▶ ABOUT THIS TASK: The material below includes pictures; leave them out and return only the lines between the line containing "This is an authentic" and the line containing "Non passa inosservato", inclusive, word for word.
-------- DATASET ENTRIES --------
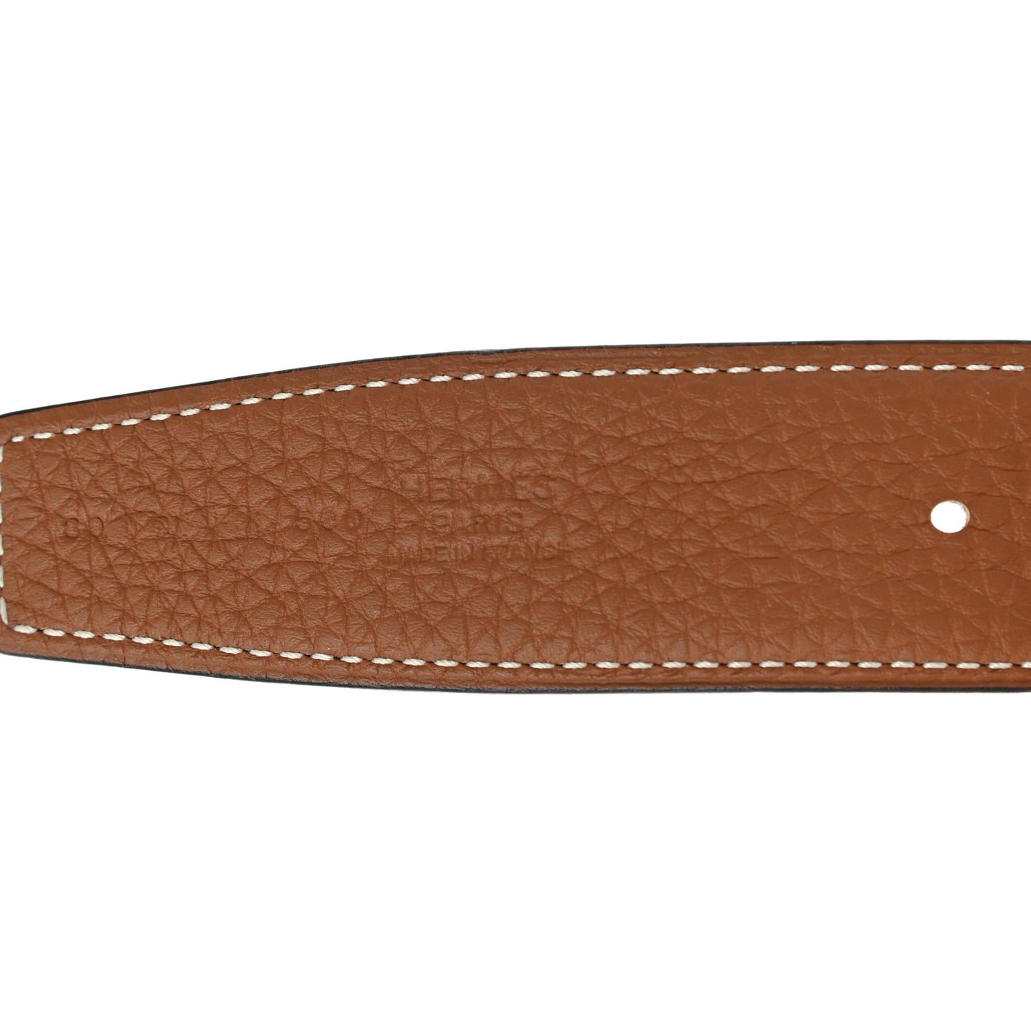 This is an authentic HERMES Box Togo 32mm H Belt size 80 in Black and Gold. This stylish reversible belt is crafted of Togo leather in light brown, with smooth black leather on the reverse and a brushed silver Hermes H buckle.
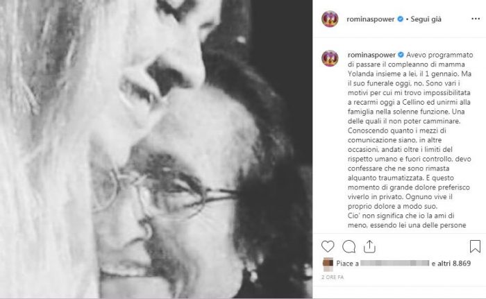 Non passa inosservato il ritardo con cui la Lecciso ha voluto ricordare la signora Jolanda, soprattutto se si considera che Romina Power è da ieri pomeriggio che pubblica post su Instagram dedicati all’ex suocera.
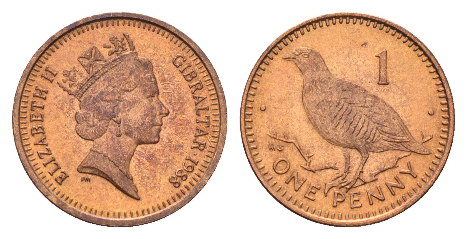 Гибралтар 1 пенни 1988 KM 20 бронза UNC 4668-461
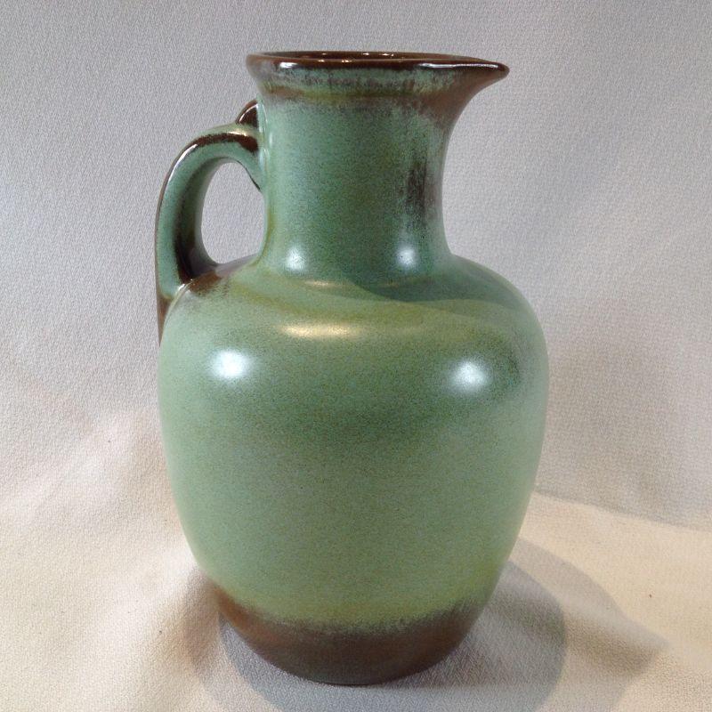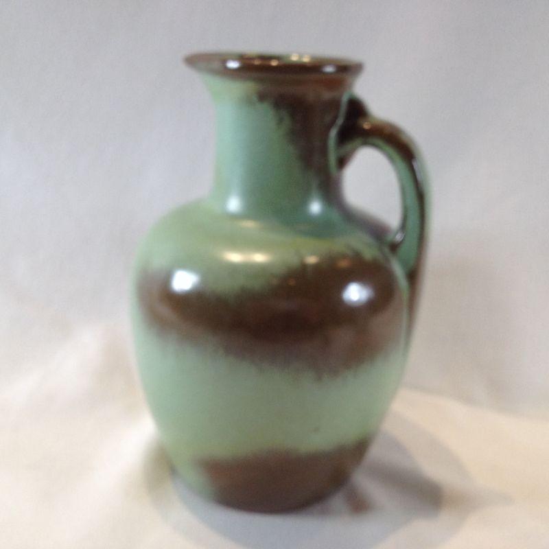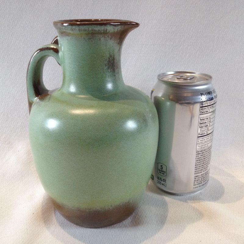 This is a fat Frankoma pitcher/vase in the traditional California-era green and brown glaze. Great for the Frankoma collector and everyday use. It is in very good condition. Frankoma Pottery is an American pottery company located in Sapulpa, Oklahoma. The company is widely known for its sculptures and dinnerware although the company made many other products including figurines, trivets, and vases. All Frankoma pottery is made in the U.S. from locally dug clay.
--------
-------- DATASET ENTRIES --------
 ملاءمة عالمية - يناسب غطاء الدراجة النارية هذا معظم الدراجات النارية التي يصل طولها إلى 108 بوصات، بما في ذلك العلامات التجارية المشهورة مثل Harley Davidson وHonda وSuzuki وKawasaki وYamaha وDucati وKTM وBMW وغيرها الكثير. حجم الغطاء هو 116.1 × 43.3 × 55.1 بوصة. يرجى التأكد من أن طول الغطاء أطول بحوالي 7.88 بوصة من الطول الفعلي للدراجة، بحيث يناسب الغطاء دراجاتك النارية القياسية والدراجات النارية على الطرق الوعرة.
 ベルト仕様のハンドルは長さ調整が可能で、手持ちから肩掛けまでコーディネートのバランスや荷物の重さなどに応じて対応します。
--------
▶ COMPLETED EXERCISE:
 This is an authentic HERMES Box Togo 32mm H Belt size 80 in Black and Gold. This stylish reversible belt is crafted of Togo leather in light brown, with smooth black leather on the reverse and a brushed silver Hermes H buckle.
 Non passa inosservato il ritardo con cui la Lecciso ha voluto ricordare la signora Jolanda, soprattutto se si considera che Romina Power è da ieri pomeriggio che pubblica post su Instagram dedicati all’ex suocera.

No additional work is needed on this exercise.